This function returns a limma-type MA-object ('MArrayLM', can be handeled like a list). For details 'on choice of NA-impuation procedures with arguments 'imputMethod' and 'avSd' please see matrixNAneighbourImpute.

This function returns a limma-type S3 object of class 'MArrayLM' (which can be accessed lika a list); multiple results of testing or multiple testing correction types may get included ('p.value','FDR','BY','lfdr' or 'ROTS.BH')

Arguments

dat: (matrix or data.frame) main data (may contain NA); if dat is list containing $quant and $annot as matrix, the element $quant will be used
gr: (character or factor) replicate association; if dat contains a list-element $sampleSetup$groups or $sampleSetup$lev this may be used in case gr=NULL
useComparison: (list, character or matrix) optional argument allowing to specify which pairwise comparions sould be performed, default useComparison=NULL will run all pairwise comparisons; may be character combining two group-names (from argument grp) separated by a '-' (eg 'A-B') or matrix where the rownames design the elements to be compared as pairwise; It is also possible to give a list with $sep (separator to be used when combining) and $useComparison (regular comparisons) Note : the names of the groups may not contain any '-' to avoid confucing them with pairwise separators !

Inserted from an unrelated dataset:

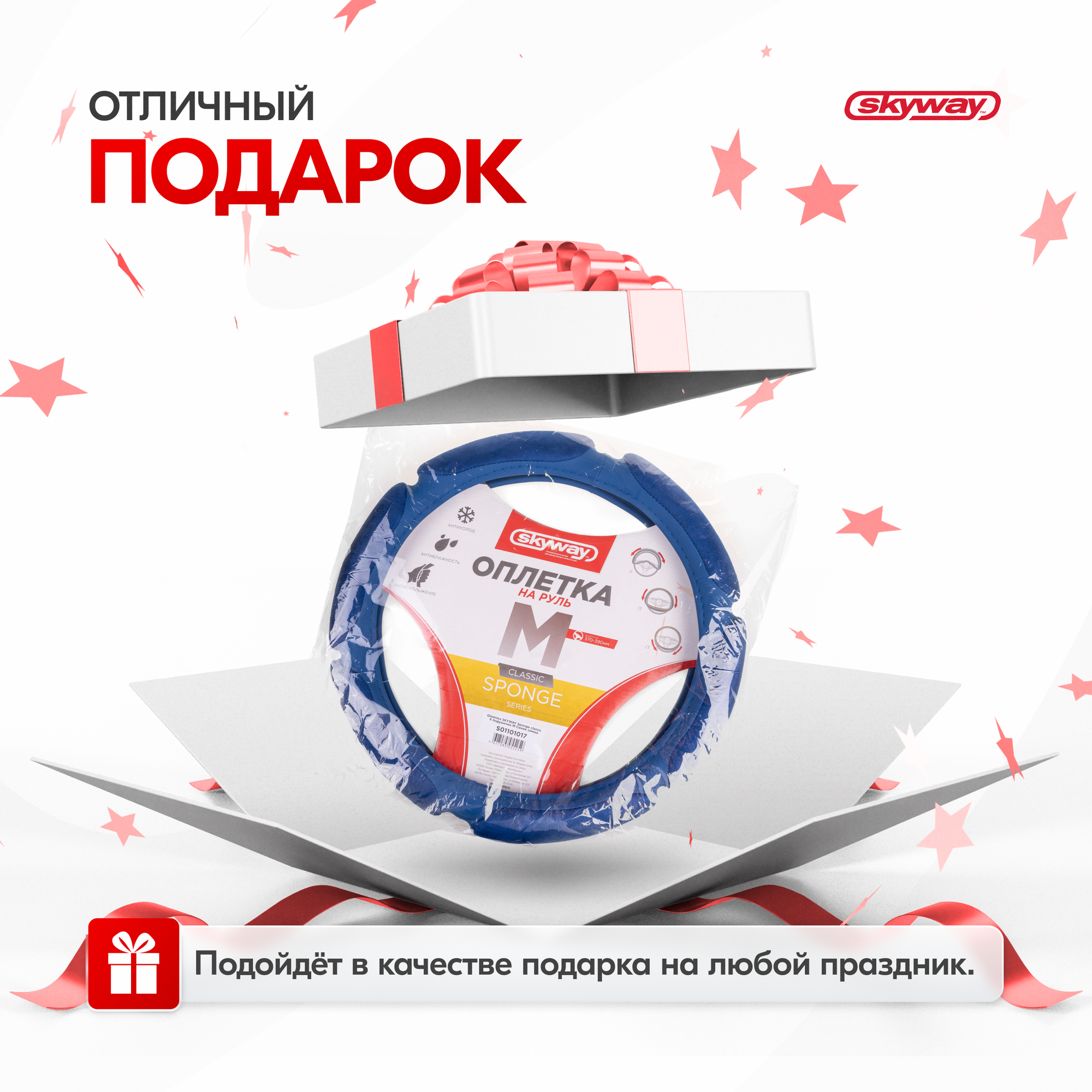 Оплетка руля SKYWAY Sponge Classic M, алькантара/экокожа, красный, размер М (37/38/39 см), S01101015

annot: (matrix or data.frame) annotation (lines must match lines of data !), if annot is NULL and argument dat is a list containing both $quant and $annot, the element $annot will be used
retnNA: (logical) retain and report number of NA
avSd: (numerical,length=2) population characteristics (mean and sd) for >1 NA-neighbours (per line)
avSdH: deprecated, please use avSd inestad; (numerical,length=2) population characteristics 'high' (mean and sd) for >1 NA-neighbours (per line)

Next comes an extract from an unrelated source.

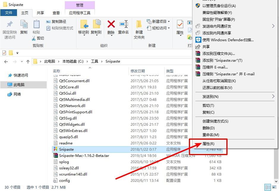 1、 打开出现错误提示“0xc0000022”的应用程序.exe文件,选择“属性”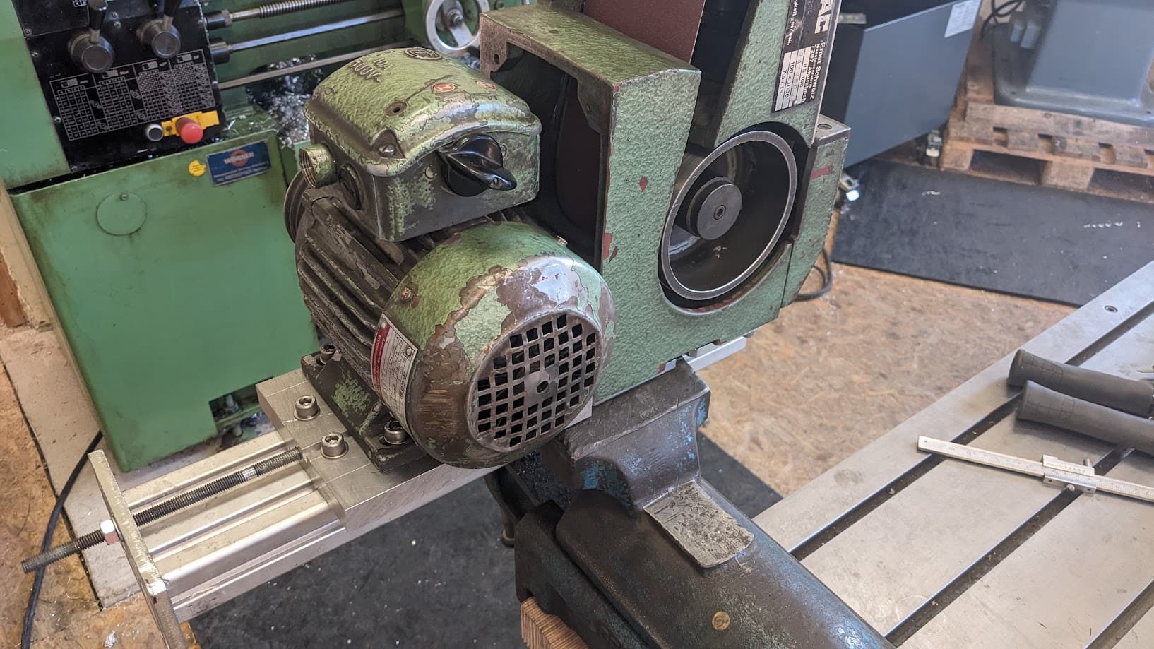 First, I took 2mm off the top surface and bolted on some stainless I had in the shop, then decided it would be much better if the whole arrangement was upright, so bolted the grinder and the motor to a piece of alu extrusion, including a belt tensioning feature

plotHist: (logical) additional histogram of original, imputed and resultant distribution (made using matrixNAneighbourImpute )
xLab: (character) custom x-axis label
tit: (character) custom title
imputMethod: (character) choose the imputation method (may be 'mode2'(default), 'mode1', 'datQuant', 'modeAdopt', 'informed' or 'none', for details see matrixNAneighbourImpute )
seedNo: (integer) seed-value for normal random values
multCorMeth: (character) define which method(s) for correction of multipl testing should be run (for choice : 'BH','lfdr','BY','tValTab', choosing several is possible)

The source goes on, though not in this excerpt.